▶ [Goal of the exercise] Output exactly the lines that run from the start of the records to the line with "go-to pad for", counting both ends, and skip the pictures.

Data for analysis below:

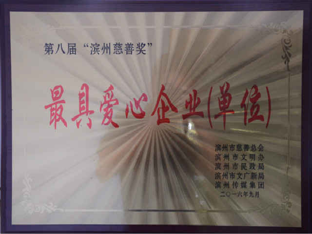 近日,由濱州市慈善總會(huì)、市精神文明建設(shè)委員會(huì)辦公室、市民政局、市文化廣電新聞出版局、濱州傳媒集團(tuán)等聯(lián)合舉辦的第八屆“濱州慈善獎(jiǎng)”評選表彰活動(dòng)圓滿結(jié)束,公司以對慈善事業(yè)的突出貢獻(xiàn),榮獲“最具愛心企業(yè)(單位)”稱號。
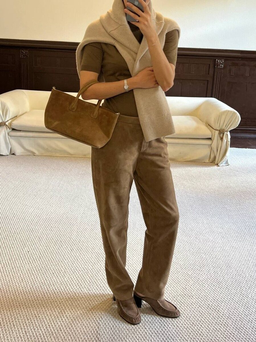 Лаконичная альтернатива джинсам на осень — брюки из капсулы GI Из замши с мягким ворсом — плотной, но бархатистой. Кремовый оттенок добавит цвета в гардероб, а эластичная подкладка сделает каждое движение легким во время прогулки по осеннему парку или встреч с близкими Из мягкой кожи — гладкой и эластичной. Она естественно повторяет силуэт, не сковывая движения. Подойдут для деловой встречи или дней, когда важно быть уверенной Эти и другие изделия ищите на сайте, в приложении и магазинах 12 STOREEZ
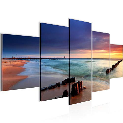 Runa Art - Quadri Spiaggia Mare 200 x 100 cm 5 Pezzi XXL Decorazione Murale Design Blu Rosa 607851a
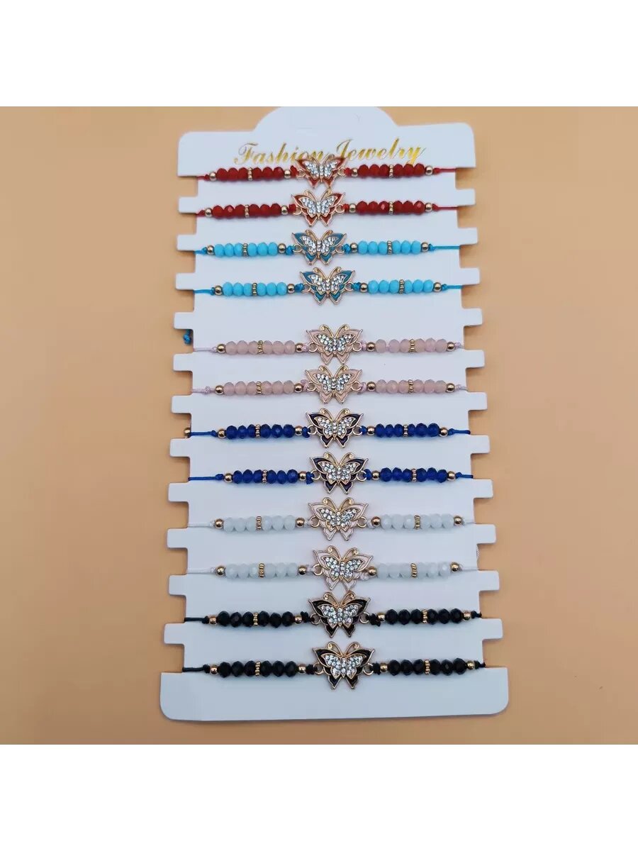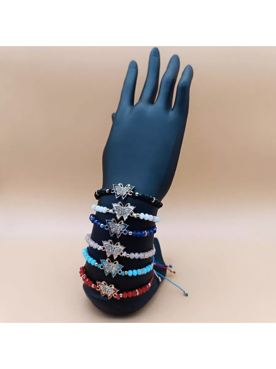 Браслет , белый, голубой, красный, розовый, черный
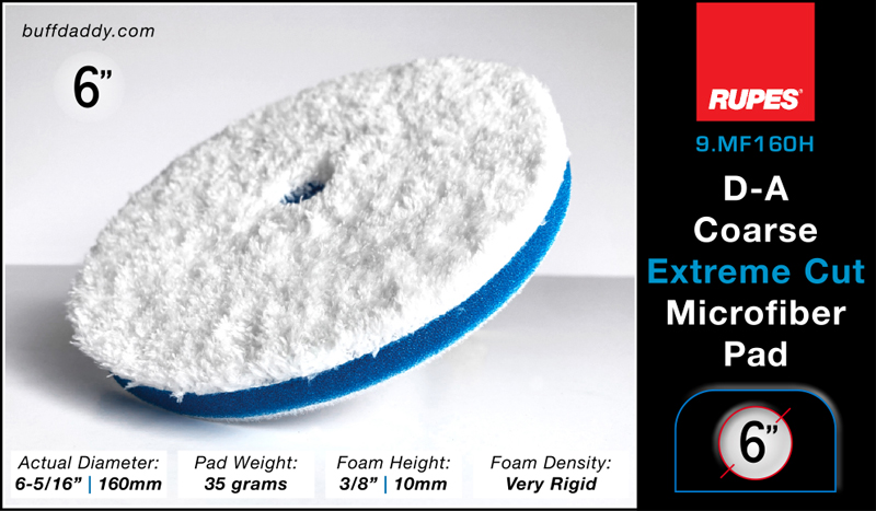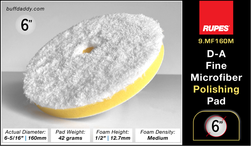go-to pad for everyday polishing tasks. Due to its versatility, this pad is by far the most popular pad in the line. It delivers very fast-cutting action, but can also achieve a tremendous finish. For ultimate gloss when working on finicky paint types, final polish using a yellow or white Rupes foam pad, and an appropriate buffing liquid.
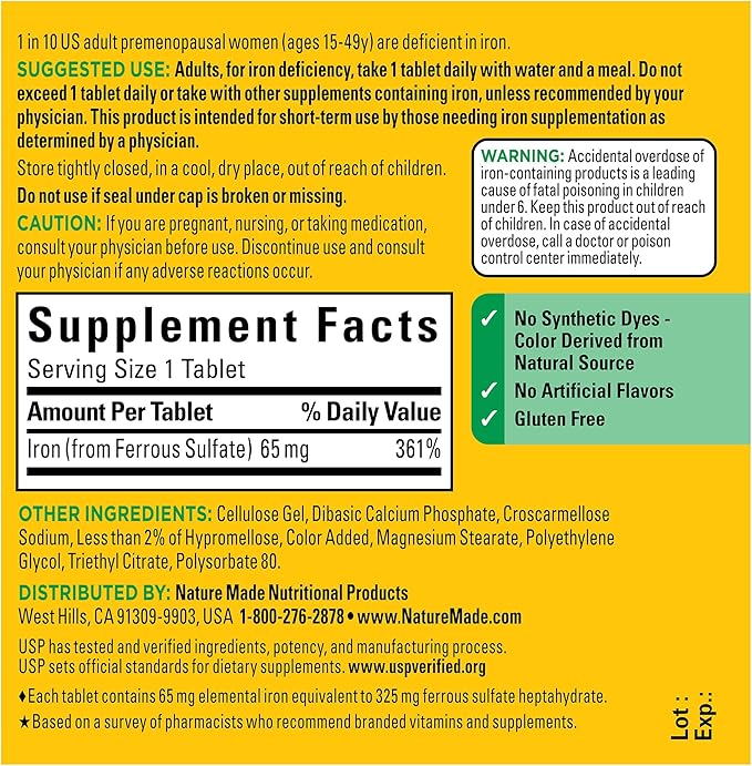برای محافظت از خود، در صورت پاره یا مفقود بودن پلمپ زیر درب، از مصرف آن خودداری کنید. احتیاط: مکملهای آهن ممکن است با داروهای خاصی تداخل داشته باشند. اگر داروهای تجویزی مصرف میکنید، یا باردار یا شیرده هستید، قبل از مصرف این محصول با پزشک خود مشورت کنید. مصرف بیش از حد تصادفی محصولات حاوی آهن، علت اصلی مسمومیت کشنده در کودکان زیر 6 سال است. این محصول را دور از دسترس کودکان نگه دارید. در صورت مصرف بیش از حد تصادفی، فوراً با پزشک یا مرکز کنترل مسمومیت تماس بگیرید.† این اظهارات توسط سازمان غذا و داروی آمریکا ارزیابی نشده است. این محصول برای تشخیص، درمان، یا پیشگیری از هیچ بیماری در نظر گرفته نشده است. این محصول مطابق با استانداردهای ایالات متحده برچسبگذاری شده است و ممکن است با محصولات مشابهی که در جاهای دیگر فروخته میشوند، از نظر ترکیبات، برچسبگذاری و هشدارهای آلرژن متفاوت باشد.
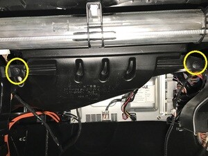 注2 个螺钉,T20,2 Nm,1 个推拉式夹,4 个耐落螺栓,E10,8 Nm;拆下后弃用推拉式夹;降下时需支撑膝部气囊;连接器/线束长度非常短
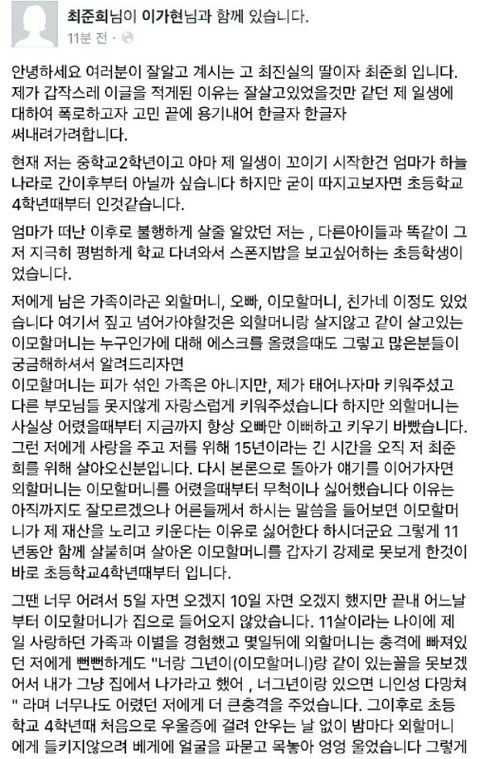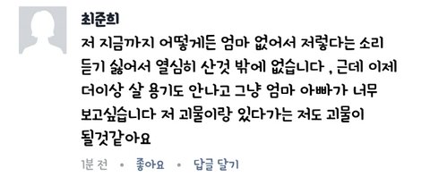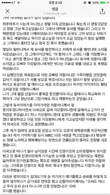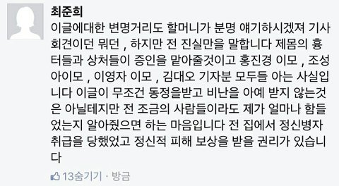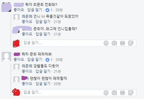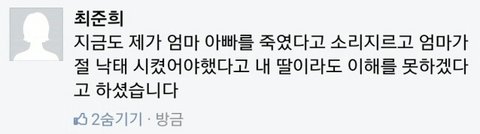 이런거보니 꽤나 심각해보이고 다른연예인,기자도 아는거보면 유명했나봐...현재 페북 탈퇴했는지 안들어가지는데 이거 널리 알리게하자..!준희도 아직 중2밖에 안됬고 얼른 다른곳으로 보호받아야할텐데ㅜㅜ
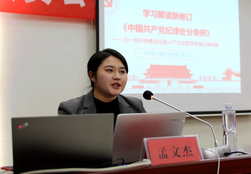 学《条例》,明纪律。特邀请市委党校孟文杰老师,对新修订的《中国共产党纪律处分条例》进行专题辅导。孟老师从深刻理解《条例》修订的重要亮点、准确把握《条例》修订的主旨要义、切实抓好《条例》的贯彻执行三个方面作了精彩解读,并坚持理论密切联系实际,结合与修改内容相关的案例及视频,提醒广大党员干部严于律己、防微杜渐,让全体党员干部受益匪浅。
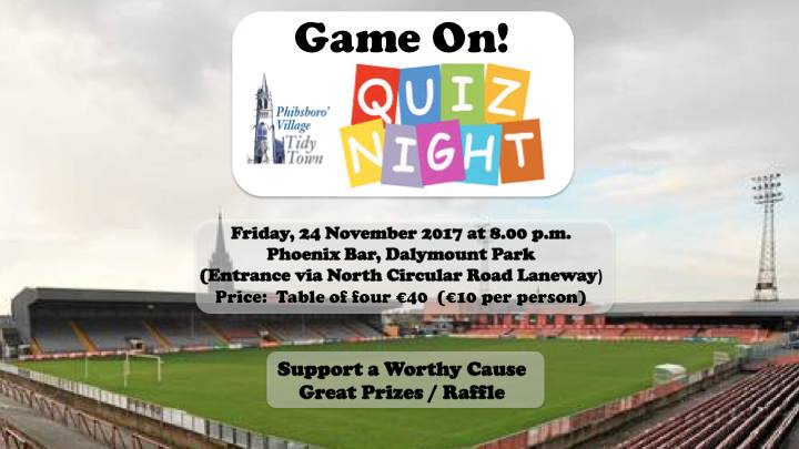 If you’re already missing Friday nights at Dalymount Park, you can go some way towards rectifying that this week by attending the Phibsboro’ Village Tidy Town table quiz.
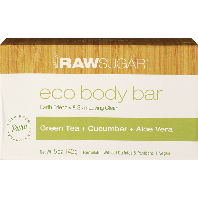 Raw Sugar Eco Bar Soap, Green Tea + Cucumber + Aloe Vera, 5 Oz
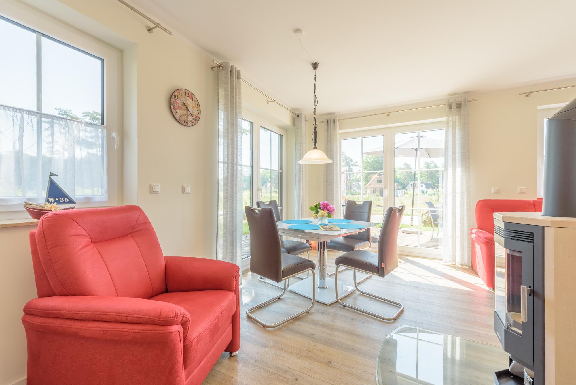 Modernes Ferienhaus mit Reetdach, Kamin und WLAN nahe Stettiner Haff in ruhiger Lage.
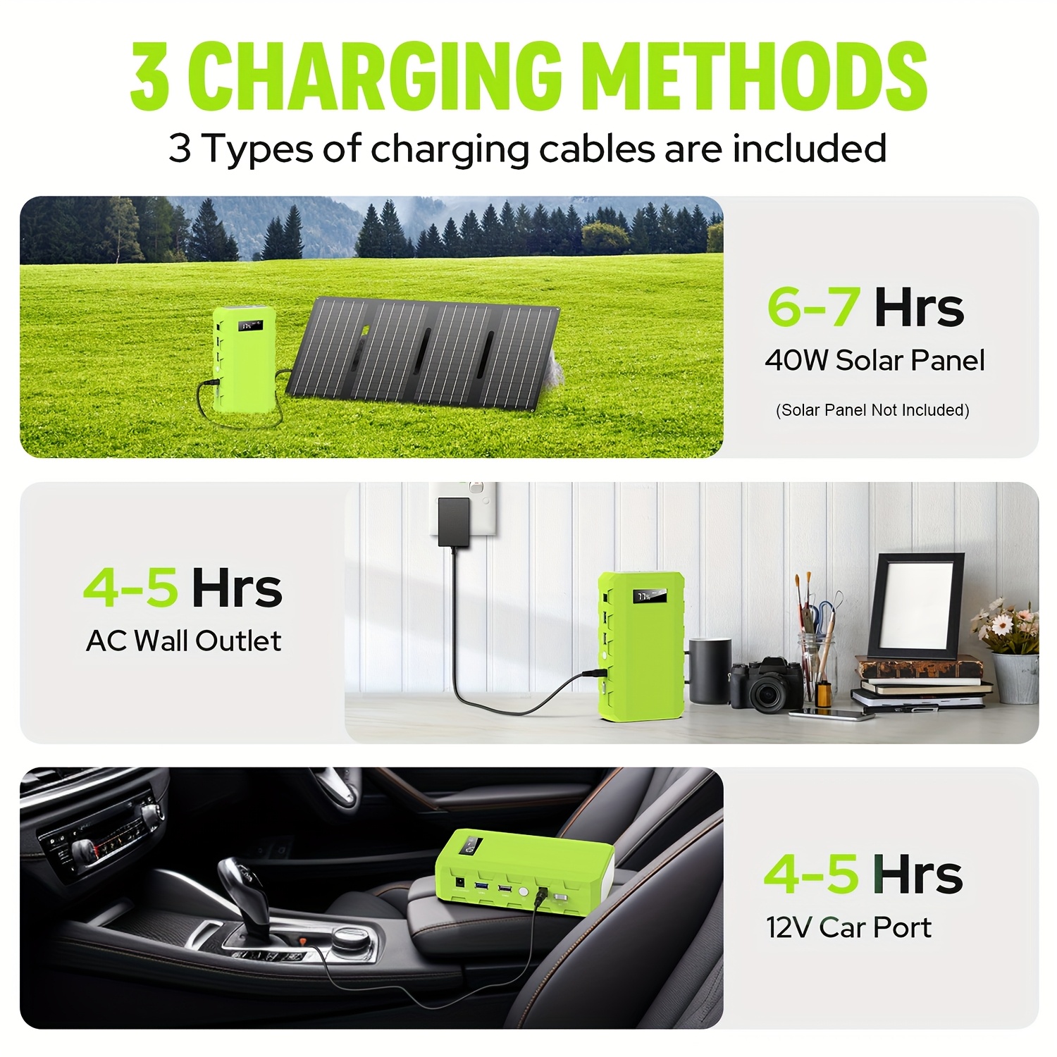 24000mAh Battery, LED Lights & AC Outlets – Durable ABS Compact Design for Outdoor Camping, Hiking, Road Trips, Cycling, Home Emergency, Hurricane Backup, Solar Phone Charger, Hiking Essentials, Vibrant Design, Robust Construction

End of Data for analysis.

▶ [Task output]
 近日,由濱州市慈善總會(huì)、市精神文明建設(shè)委員會(huì)辦公室、市民政局、市文化廣電新聞出版局、濱州傳媒集團(tuán)等聯(lián)合舉辦的第八屆“濱州慈善獎(jiǎng)”評選表彰活動(dòng)圓滿結(jié)束,公司以對慈善事業(yè)的突出貢獻(xiàn),榮獲“最具愛心企業(yè)(單位)”稱號。
 Лаконичная альтернатива джинсам на осень — брюки из капсулы GI Из замши с мягким ворсом — плотной, но бархатистой. Кремовый оттенок добавит цвета в гардероб, а эластичная подкладка сделает каждое движение легким во время прогулки по осеннему парку или встреч с близкими Из мягкой кожи — гладкой и эластичной. Она естественно повторяет силуэт, не сковывая движения. Подойдут для деловой встречи или дней, когда важно быть уверенной Эти и другие изделия ищите на сайте, в приложении и магазинах 12 STOREEZ
 Runa Art - Quadri Spiaggia Mare 200 x 100 cm 5 Pezzi XXL Decorazione Murale Design Blu Rosa 607851a
 Браслет , белый, голубой, красный, розовый, черный
go-to pad for everyday polishing tasks. Due to its versatility, this pad is by far the most popular pad in the line. It delivers very fast-cutting action, but can also achieve a tremendous finish. For ultimate gloss when working on finicky paint types, final polish using a yellow or white Rupes foam pad, and an appropriate buffing liquid.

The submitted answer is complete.